Selain itu, pagar-pagar tersebut membentuk kavling-kavling besar dengan ukuran yang bervariasi, bahkan mencapai lebih dari 1.000 meter persegi. Posisi dan kerapatan pagar menghambat pergerakan perahu-perahu kecil, menyulitkan para nelayan untuk mengakses area penangkapan ikan tradisional mereka.
Janji yang Belum Ditepati
KKP mengakui bahwa masih ada pagar laut yang belum dibongkar, termasuk 600 meter di perairan Desa Kohod. Doni Ismanto Darwin, Staf Khusus Menteri Kelautan dan Perikanan, menjelaskan bahwa pembongkaran dihentikan sementara selama bulan Ramadhan karena membutuhkan energi dan fisik yang besar. Ia menjanjikan bahwa pekerjaan akan dilanjutkan setelah Ramadhan usai.
Namun, di lapangan, para nelayan masih menunggu realisasi janji tersebut. Sebagian pagar kavling belum tersentuh pembongkaran sama sekali, menimbulkan pertanyaan dan kekhawatiran di kalangan nelayan.
"Kalau memang masih ada pemiliknya, kami nelayan harus bagaimana? Harus izin dulu kalau mau lewat? Laut itu bukan milik pribadi," ujar Marto dengan nada prihatin.
Situasi ini mencerminkan ironi yang mendalam. Di satu sisi, pemerintah berjanji untuk melindungi kepentingan nelayan dan menjaga kelestarian lingkungan laut. Namun, di sisi lain, keberadaan pagar laut yang belum dibongkar justru menghambat aktivitas melaut, mengancam mata pencaharian, dan merampas hak para nelayan untuk memanfaatkan laut sebagai sumber kehidupan mereka.
Daftar Keluhan Nelayan
Berikut adalah daftar keluhan nelayan mengenai pagar laut yang belum dibongkar:
- Menghalangi Jalur Melaut: Pagar-pagar tersebut menghambat akses nelayan ke area penangkapan ikan tradisional mereka.
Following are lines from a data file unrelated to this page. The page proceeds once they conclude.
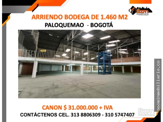 ARRIENDO BODEGA DE 1.460 M2 EN PALOQUEMAO - BOGOTÁ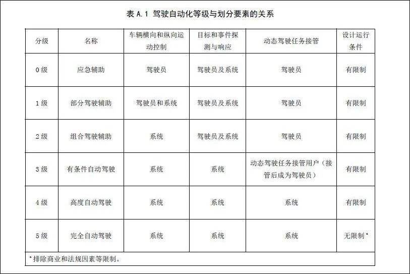 自动驾驶分级标准。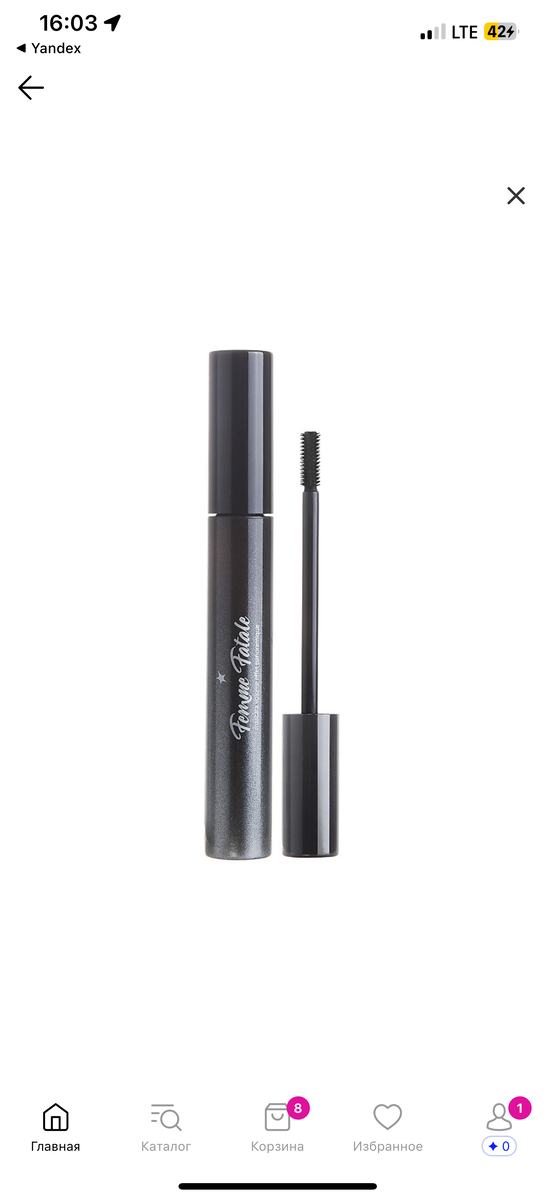 Тушь для ресниц от ЛЭТУАЛЬ Femme Fatale на обзоре. Упаковка в защитной пленке, туба из пластика объемом 8 мл, смотрится стильно. Только со временем облазит. Но, главное-это щетка, она очень маленькая, больше похожа на щетку для бровей, силиконовая. Очень удобно подлезать в уголки, у основания и прокрашивать нижние ресницы. Круто прокрашивает и подкручивает ресницы, эффект распахнутого взгляда. Надо чуток подождать после открытия, чтобы она немного подсохла, тогда результат отличный. Это больше не про удлинение, а про прокрашивание каждой реснички, за счет этого объем. Никаких неприятных ощущений в носке, не щиплет, не раздражает. И еще, тушь рекомендую наносить в один, максимум два слоя-если больше-будет «эффект лапок паука». Рекомендую к покупке✅, может не всем подойдет, надо пробовать, скорее всего не понравится тем, у кого редкие и длинные ресницы. Я брала в Летуаль, ее периодически снимают с продажи. Так что если увидите-берите.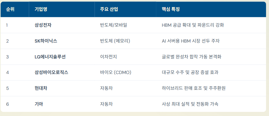 | 1 | 삼성전자 | 반도체, 스마트폰 | 압도적 1위, HBM 공급 확대 및 파운드리 경쟁력 강화 |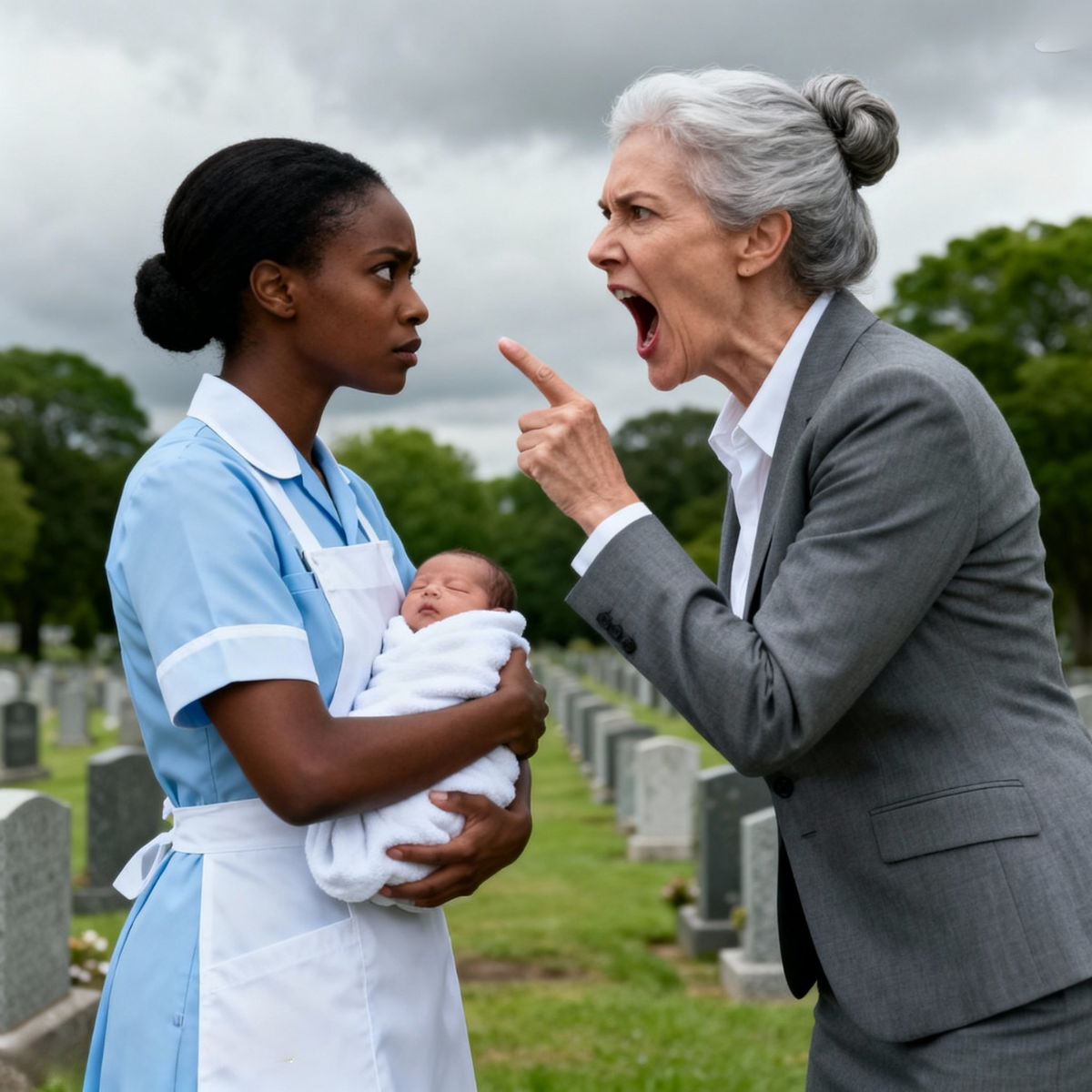 There, kneeling before William’s grave, was a young Black woman in a faded blue waitress’s uniform. Her apron was wrinkled. Her shoulders trembled. In her arms, wrapped in a soft white blanket, was a baby, perhaps a few months old.

- Menyulitkan Penebaran Jaring: Pagar membuat nelayan kesulitan menebar jaring, mengurangi hasil tangkapan.
- Membentuk Kavling Ilegal: Pagar membentuk kavling-kavling besar yang mengganggu pergerakan perahu dan merusak ekosistem laut.
- Janji Pembongkaran yang Tidak Terealisasi: Para nelayan merasa kecewa dengan janji KKP yang belum sepenuhnya ditepati.
- Ketidakpastian Hukum: Status kepemilikan kavling-kavling tersebut tidak jelas, menimbulkan kekhawatiran di kalangan nelayan.
Para nelayan Desa Kohod berharap agar KKP segera menindaklanjuti janji pembongkaran pagar laut dan memastikan bahwa laut kembali menjadi ruang hidup yang bebas dan terbuka bagi mereka.